> [REQUIRED ACTION]: Work through the listing below and give again exactly the lines from the one with "地矿论坛(2025-43):刘金华 副研究员学术报告" to the one with "4. Buscar la", both ends included. All other lines and all pictures stay out.

> [GIVEN ENTRIES]:
□ □ □ □ □

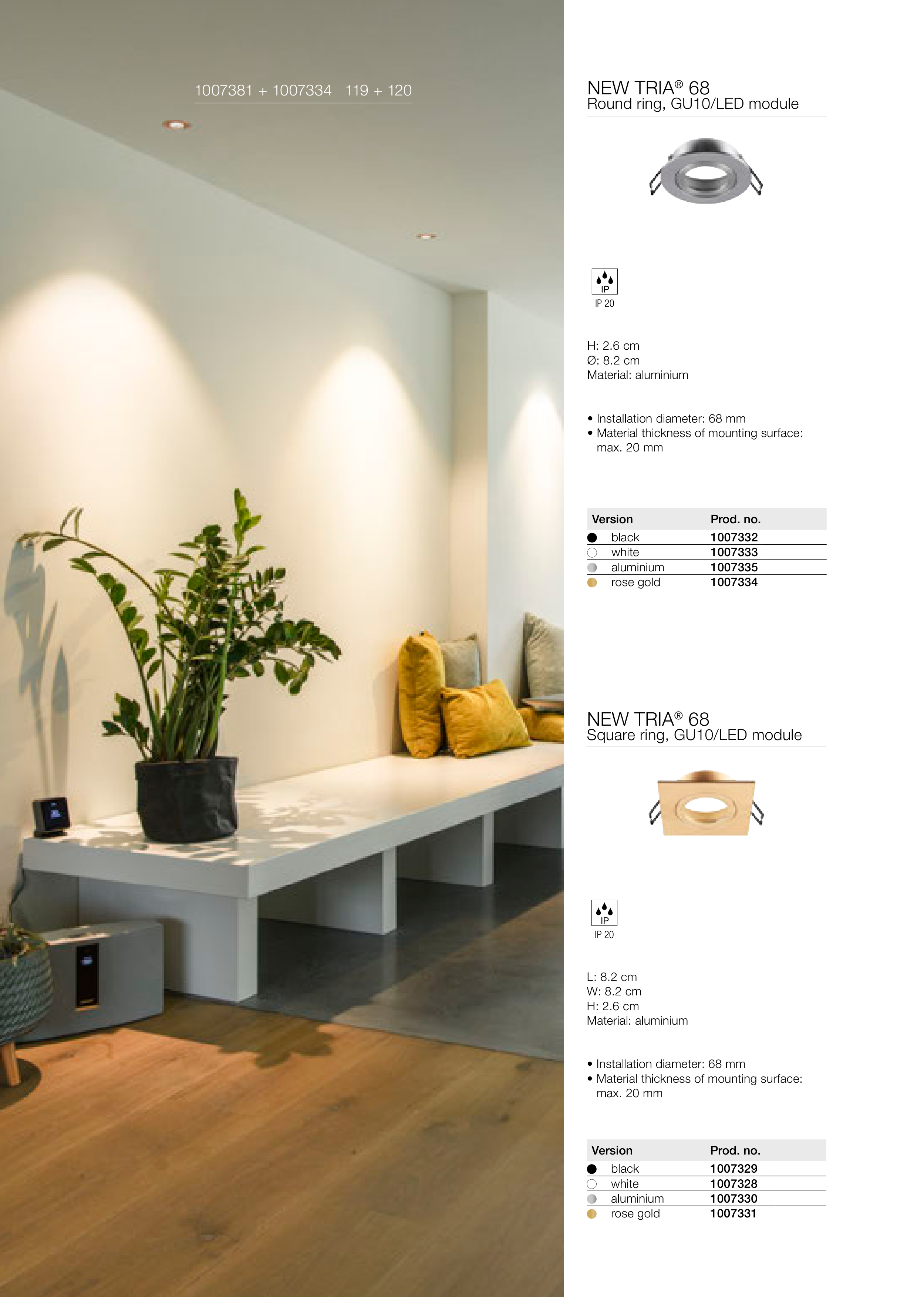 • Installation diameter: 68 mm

□ □ □ □ □

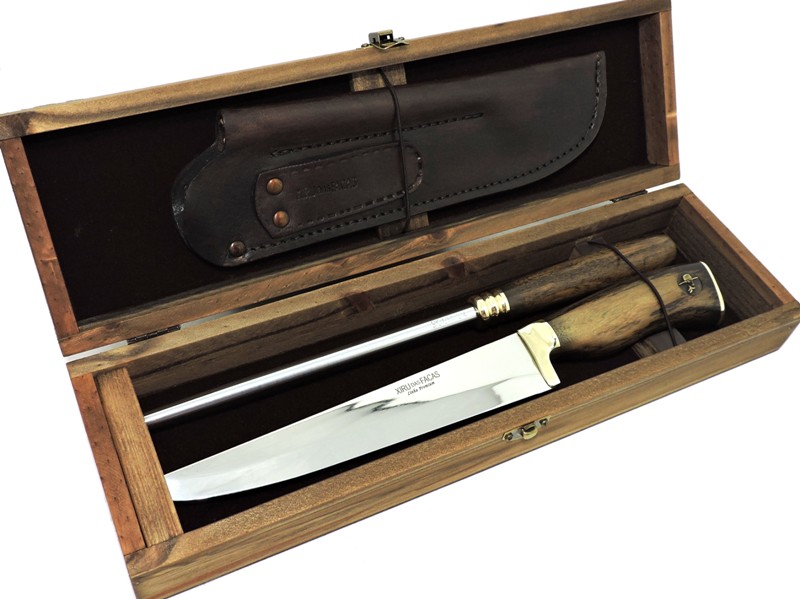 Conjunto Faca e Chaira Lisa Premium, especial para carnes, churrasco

□ □ □ □ □

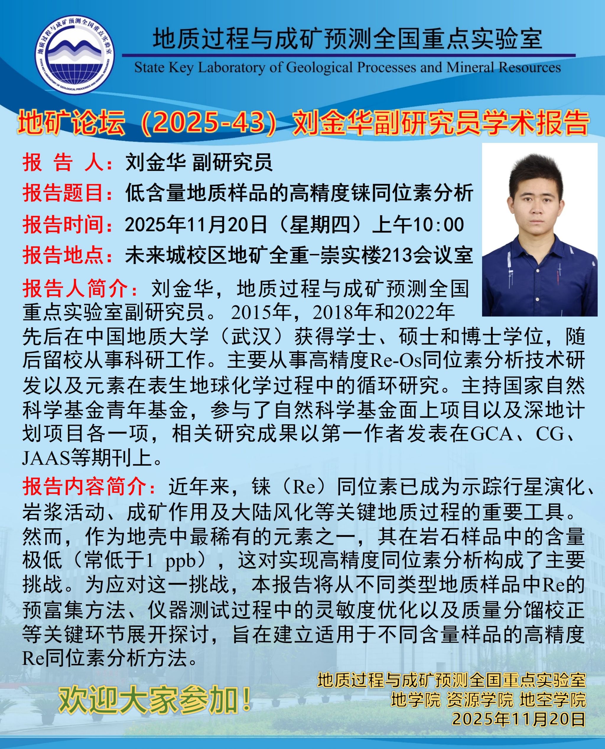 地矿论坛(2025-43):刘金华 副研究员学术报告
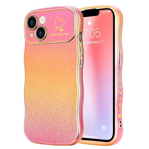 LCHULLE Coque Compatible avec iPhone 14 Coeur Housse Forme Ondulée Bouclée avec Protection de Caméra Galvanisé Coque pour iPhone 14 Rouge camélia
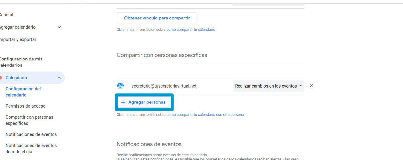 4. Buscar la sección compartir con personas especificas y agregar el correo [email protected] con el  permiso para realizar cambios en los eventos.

□ □ □ □ □

> [OUTPUT BELOW]:
 地矿论坛(2025-43):刘金华 副研究员学术报告
 LCHULLE Coque Compatible avec iPhone 14 Coeur Housse Forme Ondulée Bouclée avec Protection de Caméra Galvanisé Coque pour iPhone 14 Rouge camélia
 4. Buscar la sección compartir con personas especificas y agregar el correo [email protected] con el  permiso para realizar cambios en los eventos.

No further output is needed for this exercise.